Auth adapter factory
One abstract base with four pluggable provider sign-ins (Clerk, Firebase, Supabase GoTrue, NextAuth).
Profile loader
Merges live discovery with optional YAML overrides into a runtime profile carrying no pre-authored secrets.
Attack suite
Thirteen attack-category modules — auth bypass, IDOR, RLS/storage misconfig, injection, webhook spoofing, file upload.
Secret scrubber
Two-layer redaction strips seeded credentials, then Bearer/JWT/cookie patterns, before any report is written.
Run orchestrator
A bash driver that runs preflight, signs in, gates write probes, scans, and aggregates the reports.
Key features
Profile-driven scanning — the profile is the contract
StackBadger never hardcodes a target. Every probe reads its endpoints, tables, and provider choices from a profile — so one test suite runs against four auth providers (Clerk, Firebase, Supabase GoTrue, NextAuth), two databases, four storage backends, and three payment processors. Tests declare what stack they need with pytest markers, and the harness skips anything the active profile doesn't have. Live discovery fingerprints most of the stack automatically from the running site, and an explicit YAML profile unlocks the deeper, endpoint-specific probes.

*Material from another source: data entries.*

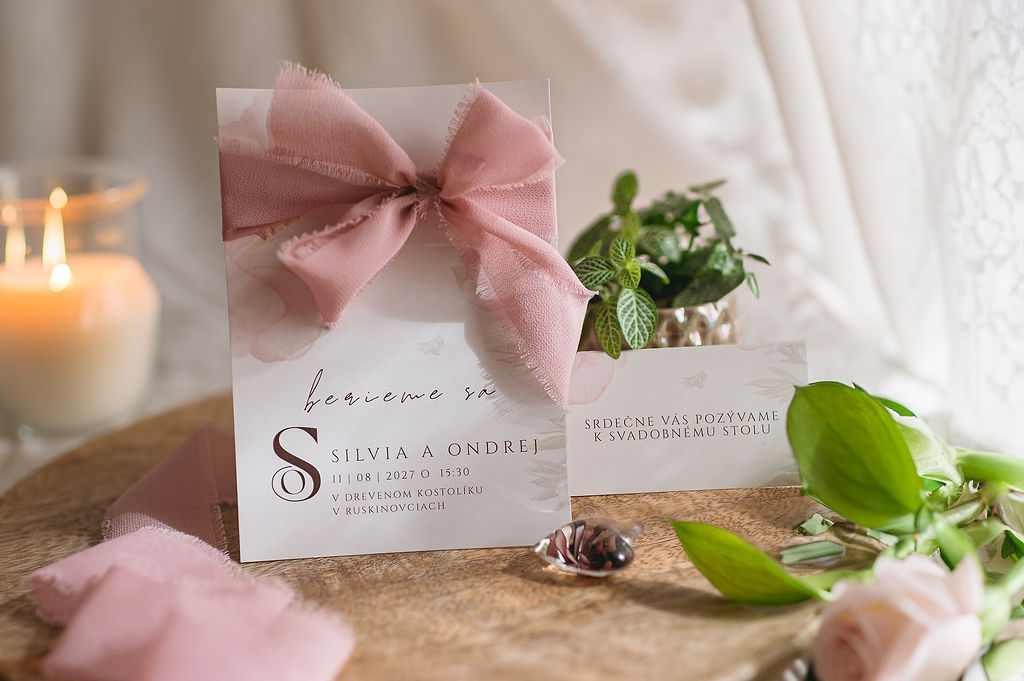 K oznámeniu s rúžovou mašľou vám radi pripravíme aj kompletné svadobné tlačoviny v rovnakom štýle – menovky, menu, zasadací poriadok, etikety či knihu hostí.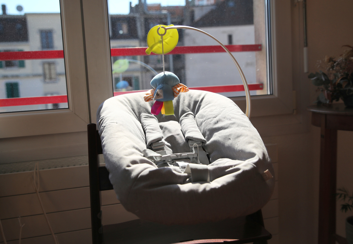 A baby seat is pictured in the flat of Noemie Bouchet and Arnaud Joal, who are expecting the birth of their first child very soon, during the coronavirus disease (COVID-19) outbreak in Geneva, Switzerland, April 8, 2020. REUTERS/Denis Balibouse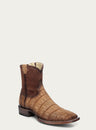 A4916 - MEN'S EMBROIDERY COGNAC ALLIGATOR SHORT WIDE SQUARE TOE COWBOY BOOT WITH RUBBER INSERT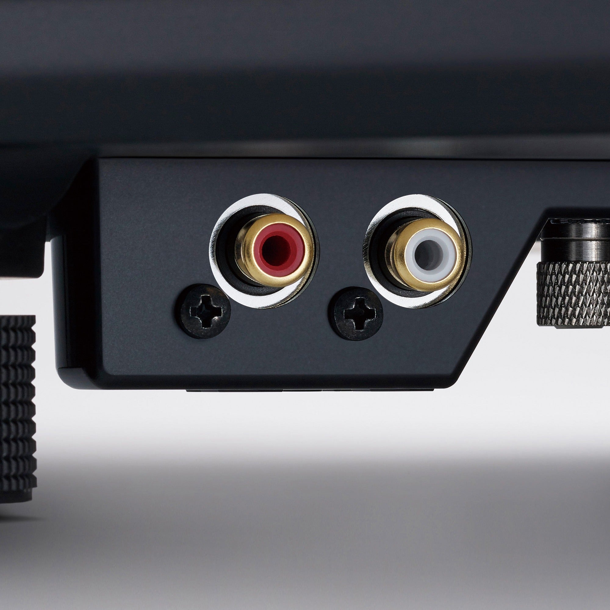 The turntable uses gold-plated phono terminals for detachable cables, while metal shielding construction inside the case reduces the effects of external noise.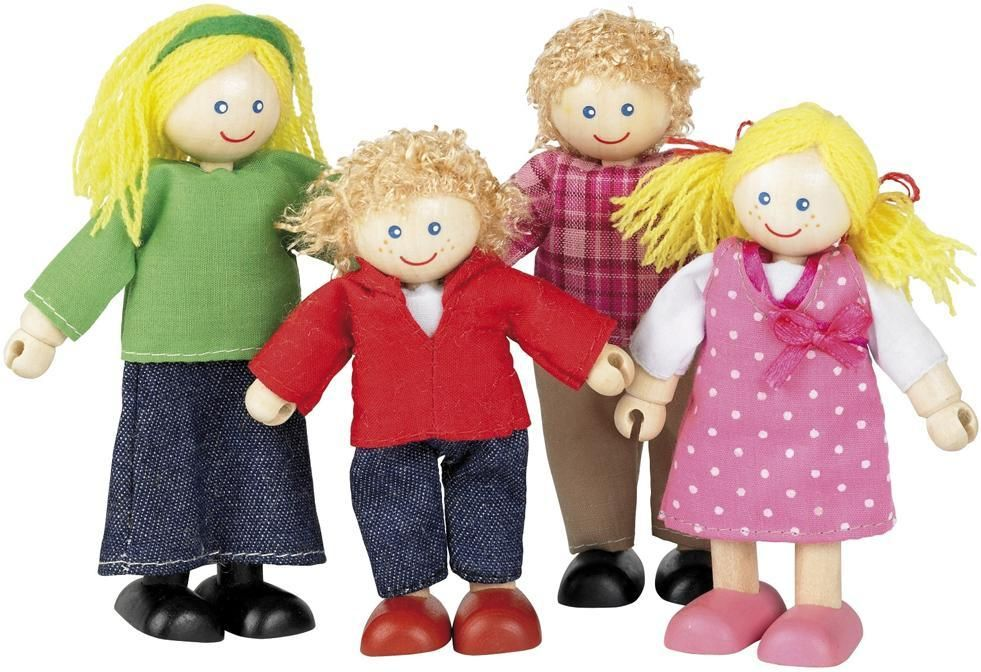 Sød dukkefamile med en mor, far, søster og bror. Alle har bevægelige arme og ben Højden på faren er 11,50cm
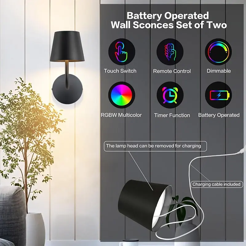 2-Pack LED Wall Lights, Remote Control, Dimmable Timer, Rechargeable Touch Control, Indoor Lighting for Bedroom Office Hallway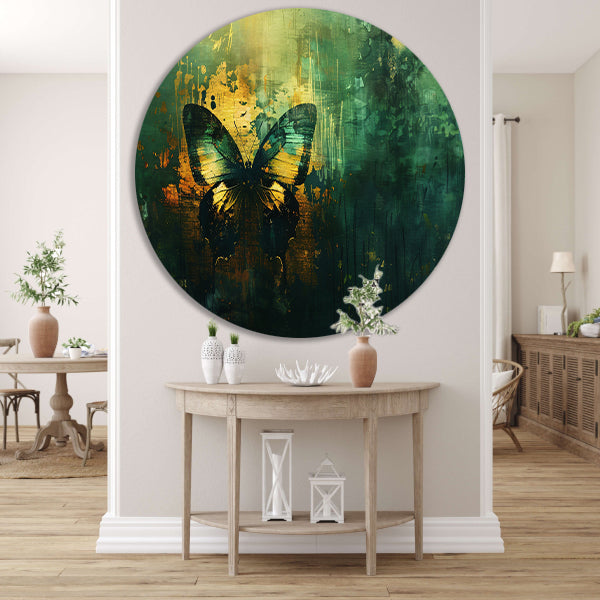 Abstracte kleurrijke vlinder op dynamische achtergrond aluminium muurcirkel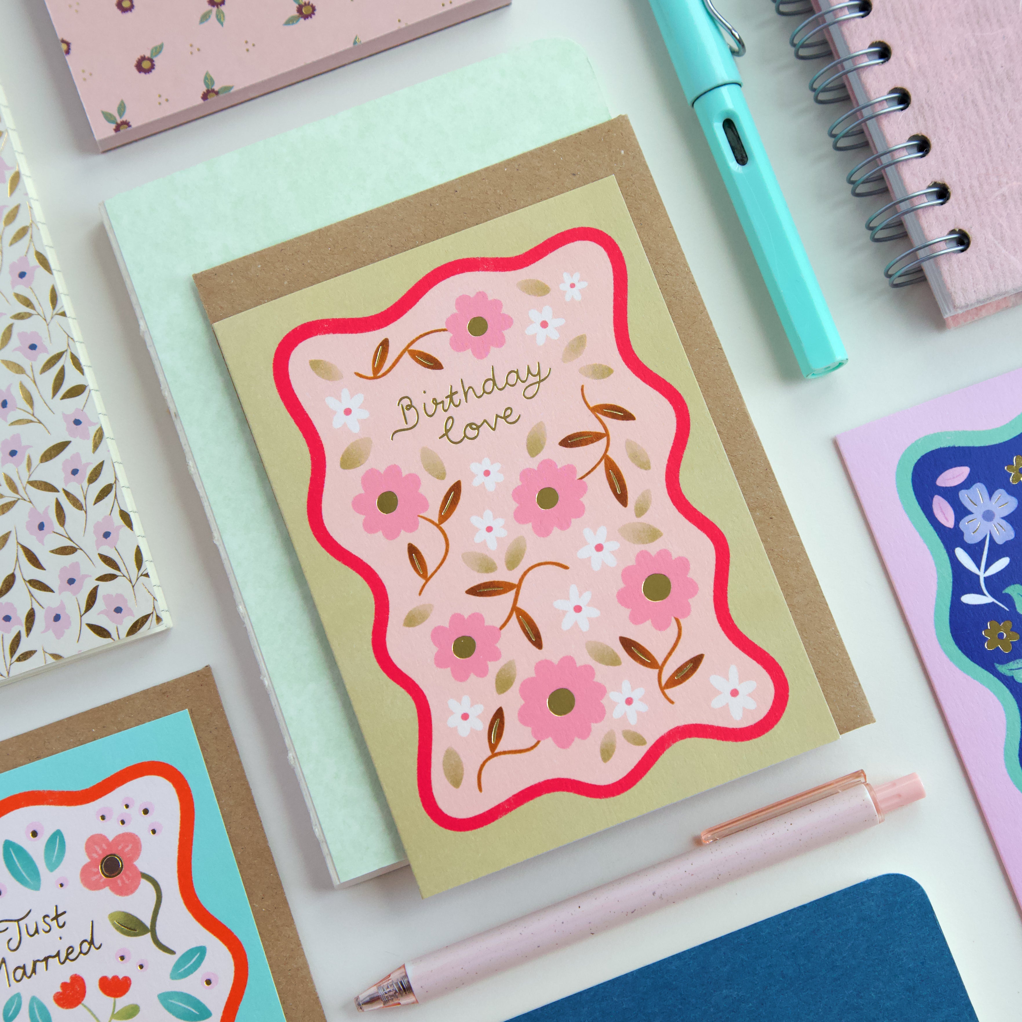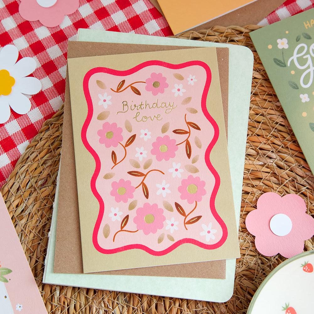 Send beautiful birthday wishes with this stunning, gold-foiled floral birthday card. This unique greeting card has been designed with love to make magical moments even more special. It features a selection of pink & white flowers and reads "birthday love".

Adding a new provider is one adapter class plus a registry entry — not a rewrite of the tests.
Security & ops decisions
- Read-only probing is the default; write probes require both a command-line flag and an explicit per-test marker.
- Twin confirmation gates — CONFIRM_TARGET and CONFIRM_AUTHORIZED — plus a preflight doctor check stand between the operator and any probe.
- Written authorization is a stated precondition in the security policy, not a footnote.
- Exclusion paths and tables are on by default across every probe seam, tightened through two rounds of code review.
Builder notes
- 13 attack-category modules: auth bypass, IDOR, RLS bypass, storage, webhook spoofing, injection, file upload abuse, and more.
- Four auth adapters — Clerk, Firebase, Supabase/GoTrue, NextAuth — behind a shared abstract base and factory registry.
- Stack fingerprinting works black-box from a URL or white-box from source, and the README documents what it deliberately can't detect — pinned by a test.
- Dual report output: HTML for humans, JSON for agents, with an evidence-scrubbing layer.
Lessons learned
- The tool outlived the sprint that created it — it was the only code still earning commits after product work stopped. That's a signal worth acting on.
- Negative results belong in the README: one auto-detection approach was investigated, proven infeasible, and documented as a limitation instead of papered over.
- Publishing security tooling extracted from a real codebase is itself a security exercise — treat the release like an incident response, with a checklist.
What carried forward
The extract → scrub → review release playbook, now the standard path for anything leaving a private repo.